I expect his speech, hosted by The Jefferson Council and the Young Americans for Freedom December 5, 7:00 p.m. to 9:00 p.m. at the University of Virginia, to be equally entertaining. The title: “Narrative vs Reality – from UVA to the USA and Beyond.” (To register click here.)
Warning: Lefties have been trying to sabotage the speech by filling up The Jefferson Council’s Eventbrite registration system with spam registrations. We clean out the fakes every day, and they fill the system back up every day. If you see a message stating that the event has sold out, don’t believe it.
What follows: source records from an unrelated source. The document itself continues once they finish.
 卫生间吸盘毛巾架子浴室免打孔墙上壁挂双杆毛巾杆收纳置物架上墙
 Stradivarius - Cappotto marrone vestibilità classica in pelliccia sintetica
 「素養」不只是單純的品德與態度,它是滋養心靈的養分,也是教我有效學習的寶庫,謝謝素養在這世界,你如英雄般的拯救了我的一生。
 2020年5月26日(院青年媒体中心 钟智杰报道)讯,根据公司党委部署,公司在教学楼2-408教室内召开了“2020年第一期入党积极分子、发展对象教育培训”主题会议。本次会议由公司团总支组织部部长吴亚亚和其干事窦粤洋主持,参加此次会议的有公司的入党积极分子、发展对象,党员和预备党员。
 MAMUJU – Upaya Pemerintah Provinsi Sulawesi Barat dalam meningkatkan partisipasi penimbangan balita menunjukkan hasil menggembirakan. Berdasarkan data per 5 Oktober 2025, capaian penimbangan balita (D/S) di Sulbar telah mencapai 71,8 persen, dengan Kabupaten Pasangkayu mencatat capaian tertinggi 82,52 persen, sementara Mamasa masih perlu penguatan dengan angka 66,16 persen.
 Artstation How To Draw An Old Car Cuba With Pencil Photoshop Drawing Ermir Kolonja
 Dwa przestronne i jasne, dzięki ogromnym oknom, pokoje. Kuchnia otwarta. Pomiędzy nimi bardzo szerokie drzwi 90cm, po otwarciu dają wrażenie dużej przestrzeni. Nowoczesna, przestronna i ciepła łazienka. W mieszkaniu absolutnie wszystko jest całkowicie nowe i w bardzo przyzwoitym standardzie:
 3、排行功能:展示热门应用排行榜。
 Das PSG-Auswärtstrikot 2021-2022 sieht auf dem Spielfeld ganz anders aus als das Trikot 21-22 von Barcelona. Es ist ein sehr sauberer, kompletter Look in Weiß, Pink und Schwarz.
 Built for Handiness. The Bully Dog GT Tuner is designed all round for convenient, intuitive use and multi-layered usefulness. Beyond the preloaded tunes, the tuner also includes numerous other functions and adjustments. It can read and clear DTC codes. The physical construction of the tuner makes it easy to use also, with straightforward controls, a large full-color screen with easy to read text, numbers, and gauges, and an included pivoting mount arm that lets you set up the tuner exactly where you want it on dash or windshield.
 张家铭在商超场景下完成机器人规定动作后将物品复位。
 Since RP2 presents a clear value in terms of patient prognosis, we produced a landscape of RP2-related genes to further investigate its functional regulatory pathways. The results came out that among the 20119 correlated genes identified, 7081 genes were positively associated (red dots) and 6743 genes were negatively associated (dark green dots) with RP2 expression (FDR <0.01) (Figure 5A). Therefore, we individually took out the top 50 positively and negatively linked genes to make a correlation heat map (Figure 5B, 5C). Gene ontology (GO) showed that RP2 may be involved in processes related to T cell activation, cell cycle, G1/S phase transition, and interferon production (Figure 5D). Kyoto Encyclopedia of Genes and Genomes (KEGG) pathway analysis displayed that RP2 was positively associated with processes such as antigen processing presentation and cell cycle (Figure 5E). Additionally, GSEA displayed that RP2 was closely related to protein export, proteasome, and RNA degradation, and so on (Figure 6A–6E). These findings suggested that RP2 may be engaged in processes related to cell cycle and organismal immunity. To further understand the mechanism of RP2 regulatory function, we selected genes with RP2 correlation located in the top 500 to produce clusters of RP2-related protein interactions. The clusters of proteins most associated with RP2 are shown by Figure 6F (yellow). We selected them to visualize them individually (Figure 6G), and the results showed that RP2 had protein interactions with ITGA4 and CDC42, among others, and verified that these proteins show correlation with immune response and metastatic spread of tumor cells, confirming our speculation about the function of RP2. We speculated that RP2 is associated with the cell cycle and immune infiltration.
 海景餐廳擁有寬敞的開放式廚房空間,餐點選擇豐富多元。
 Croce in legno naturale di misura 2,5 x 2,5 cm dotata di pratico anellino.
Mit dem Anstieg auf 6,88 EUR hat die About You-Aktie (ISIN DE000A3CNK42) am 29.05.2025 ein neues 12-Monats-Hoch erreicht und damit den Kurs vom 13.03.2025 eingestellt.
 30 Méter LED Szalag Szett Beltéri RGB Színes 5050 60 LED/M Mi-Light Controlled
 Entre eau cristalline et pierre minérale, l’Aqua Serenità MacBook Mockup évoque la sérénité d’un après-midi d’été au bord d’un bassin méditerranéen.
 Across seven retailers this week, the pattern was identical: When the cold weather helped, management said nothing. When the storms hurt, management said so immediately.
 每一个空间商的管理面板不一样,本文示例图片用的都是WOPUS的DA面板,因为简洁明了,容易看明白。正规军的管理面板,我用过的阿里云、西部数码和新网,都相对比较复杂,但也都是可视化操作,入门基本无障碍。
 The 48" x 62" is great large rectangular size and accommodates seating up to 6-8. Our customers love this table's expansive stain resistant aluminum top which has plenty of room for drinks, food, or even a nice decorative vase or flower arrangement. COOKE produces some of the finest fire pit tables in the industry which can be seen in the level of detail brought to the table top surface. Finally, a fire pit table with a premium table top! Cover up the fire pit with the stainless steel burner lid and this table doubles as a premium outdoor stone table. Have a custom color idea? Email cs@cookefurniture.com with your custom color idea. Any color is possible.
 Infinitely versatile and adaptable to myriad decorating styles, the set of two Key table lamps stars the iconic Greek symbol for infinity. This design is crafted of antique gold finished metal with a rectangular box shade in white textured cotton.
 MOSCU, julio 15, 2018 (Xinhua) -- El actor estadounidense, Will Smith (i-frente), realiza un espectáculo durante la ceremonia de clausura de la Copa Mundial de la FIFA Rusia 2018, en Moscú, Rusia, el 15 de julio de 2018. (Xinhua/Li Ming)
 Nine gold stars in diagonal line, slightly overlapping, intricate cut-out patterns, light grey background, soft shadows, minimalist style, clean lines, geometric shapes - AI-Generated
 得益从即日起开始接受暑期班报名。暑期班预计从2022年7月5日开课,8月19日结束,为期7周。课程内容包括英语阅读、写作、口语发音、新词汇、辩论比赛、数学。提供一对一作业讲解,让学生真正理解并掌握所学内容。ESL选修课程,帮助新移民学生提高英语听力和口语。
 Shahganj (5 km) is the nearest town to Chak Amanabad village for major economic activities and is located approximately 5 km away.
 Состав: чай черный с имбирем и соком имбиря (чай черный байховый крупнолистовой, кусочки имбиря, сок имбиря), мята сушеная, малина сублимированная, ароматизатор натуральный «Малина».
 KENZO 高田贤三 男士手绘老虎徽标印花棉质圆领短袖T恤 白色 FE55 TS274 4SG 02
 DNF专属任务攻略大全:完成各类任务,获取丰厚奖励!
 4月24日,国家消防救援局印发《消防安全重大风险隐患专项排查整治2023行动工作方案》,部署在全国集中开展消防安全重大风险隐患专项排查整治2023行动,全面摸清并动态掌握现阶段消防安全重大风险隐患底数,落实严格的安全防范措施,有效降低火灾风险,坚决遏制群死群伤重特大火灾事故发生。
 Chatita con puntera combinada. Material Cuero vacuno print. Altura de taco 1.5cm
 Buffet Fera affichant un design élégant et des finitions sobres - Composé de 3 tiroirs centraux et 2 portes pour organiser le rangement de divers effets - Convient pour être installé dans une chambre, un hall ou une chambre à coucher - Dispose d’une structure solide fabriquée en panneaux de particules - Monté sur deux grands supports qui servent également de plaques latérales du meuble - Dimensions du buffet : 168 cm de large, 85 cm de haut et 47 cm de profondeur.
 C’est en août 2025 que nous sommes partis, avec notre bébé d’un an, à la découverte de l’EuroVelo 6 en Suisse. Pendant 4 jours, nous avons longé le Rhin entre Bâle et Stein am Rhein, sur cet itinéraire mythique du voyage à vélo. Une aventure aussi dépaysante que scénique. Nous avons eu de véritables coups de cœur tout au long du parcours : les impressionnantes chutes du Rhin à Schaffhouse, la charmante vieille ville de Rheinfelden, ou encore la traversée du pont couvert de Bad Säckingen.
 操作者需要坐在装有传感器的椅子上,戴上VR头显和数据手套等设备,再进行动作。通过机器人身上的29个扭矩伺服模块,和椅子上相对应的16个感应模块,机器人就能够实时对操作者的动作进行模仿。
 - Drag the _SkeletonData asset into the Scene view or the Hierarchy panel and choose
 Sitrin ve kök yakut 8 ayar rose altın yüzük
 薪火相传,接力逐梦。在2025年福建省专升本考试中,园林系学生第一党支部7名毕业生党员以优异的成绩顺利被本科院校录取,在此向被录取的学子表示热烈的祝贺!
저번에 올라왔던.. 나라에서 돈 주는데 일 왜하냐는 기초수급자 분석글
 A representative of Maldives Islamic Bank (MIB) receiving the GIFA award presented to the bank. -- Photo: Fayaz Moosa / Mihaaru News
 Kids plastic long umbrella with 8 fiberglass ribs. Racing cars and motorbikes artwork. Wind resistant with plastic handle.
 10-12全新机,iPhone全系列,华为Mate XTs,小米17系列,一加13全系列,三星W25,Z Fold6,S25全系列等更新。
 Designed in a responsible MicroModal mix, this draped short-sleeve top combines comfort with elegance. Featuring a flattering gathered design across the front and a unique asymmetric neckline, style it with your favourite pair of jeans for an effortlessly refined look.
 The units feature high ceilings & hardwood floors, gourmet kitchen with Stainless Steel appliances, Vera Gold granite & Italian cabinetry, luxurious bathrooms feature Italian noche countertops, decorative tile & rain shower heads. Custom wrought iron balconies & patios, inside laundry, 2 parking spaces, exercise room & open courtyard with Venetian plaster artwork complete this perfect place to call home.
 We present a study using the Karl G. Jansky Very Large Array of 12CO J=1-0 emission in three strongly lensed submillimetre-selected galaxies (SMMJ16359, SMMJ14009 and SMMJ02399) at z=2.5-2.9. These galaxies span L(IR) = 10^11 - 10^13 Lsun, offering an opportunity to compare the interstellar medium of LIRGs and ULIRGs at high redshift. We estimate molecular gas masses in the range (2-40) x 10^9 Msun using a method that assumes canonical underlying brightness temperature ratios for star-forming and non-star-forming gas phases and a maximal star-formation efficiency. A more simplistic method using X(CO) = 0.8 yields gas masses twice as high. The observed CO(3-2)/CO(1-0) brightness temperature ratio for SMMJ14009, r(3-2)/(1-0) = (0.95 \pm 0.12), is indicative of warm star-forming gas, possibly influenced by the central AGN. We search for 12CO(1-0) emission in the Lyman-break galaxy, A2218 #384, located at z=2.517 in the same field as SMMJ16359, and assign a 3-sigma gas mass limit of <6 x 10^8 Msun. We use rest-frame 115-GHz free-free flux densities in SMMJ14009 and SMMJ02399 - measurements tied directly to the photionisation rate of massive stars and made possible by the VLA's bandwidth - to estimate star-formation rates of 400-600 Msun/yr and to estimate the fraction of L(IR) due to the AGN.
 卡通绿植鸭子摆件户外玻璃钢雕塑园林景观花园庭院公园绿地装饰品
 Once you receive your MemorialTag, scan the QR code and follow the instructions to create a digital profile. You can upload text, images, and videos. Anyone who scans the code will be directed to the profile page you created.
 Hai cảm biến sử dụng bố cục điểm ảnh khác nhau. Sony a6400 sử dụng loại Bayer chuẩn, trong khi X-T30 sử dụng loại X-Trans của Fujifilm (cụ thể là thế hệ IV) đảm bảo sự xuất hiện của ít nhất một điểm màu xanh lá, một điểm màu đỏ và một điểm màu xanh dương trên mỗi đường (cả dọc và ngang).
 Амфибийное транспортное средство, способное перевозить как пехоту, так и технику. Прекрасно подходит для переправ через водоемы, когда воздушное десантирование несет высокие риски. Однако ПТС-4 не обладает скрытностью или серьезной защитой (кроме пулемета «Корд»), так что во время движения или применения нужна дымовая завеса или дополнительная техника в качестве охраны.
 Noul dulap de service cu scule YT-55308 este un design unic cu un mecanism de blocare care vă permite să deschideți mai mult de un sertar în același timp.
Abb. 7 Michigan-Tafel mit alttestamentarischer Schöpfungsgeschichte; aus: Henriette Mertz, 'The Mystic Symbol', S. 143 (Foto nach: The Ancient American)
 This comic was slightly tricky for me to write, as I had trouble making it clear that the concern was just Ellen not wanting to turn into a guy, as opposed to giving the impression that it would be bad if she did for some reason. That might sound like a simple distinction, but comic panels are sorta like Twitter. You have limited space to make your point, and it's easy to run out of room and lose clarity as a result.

At this point in time, there are plenty of seats available.
If you are thwarted in your registration effort, email me, and I’ll take care of it. Send your first name, last name, and the number of tickets you want (up to two) to [email protected]. I’ll get it to the right people.
Reilly, an African-American political science professor at Kentucky State University, has carved out a niche in the conservative media/publishing ecosystem as a debunker of leftist myths. Though jovial in demeanor, he is merciless in dispensing with intellectual nonsense that is grounded in ideology, not fact.
I’m looking forward to what he has to say about the framing of history at UVA and universities generally. I think it’s pretty safe to say he won’t be giving any Monacan land acknowledgements or trashing Thomas Jefferson as a slave-holding rapist. Bacon’s Rebellion readers will be well rewarded for undertaking the trek to Charlottesville to hear one of America’s most entertaining myth busters.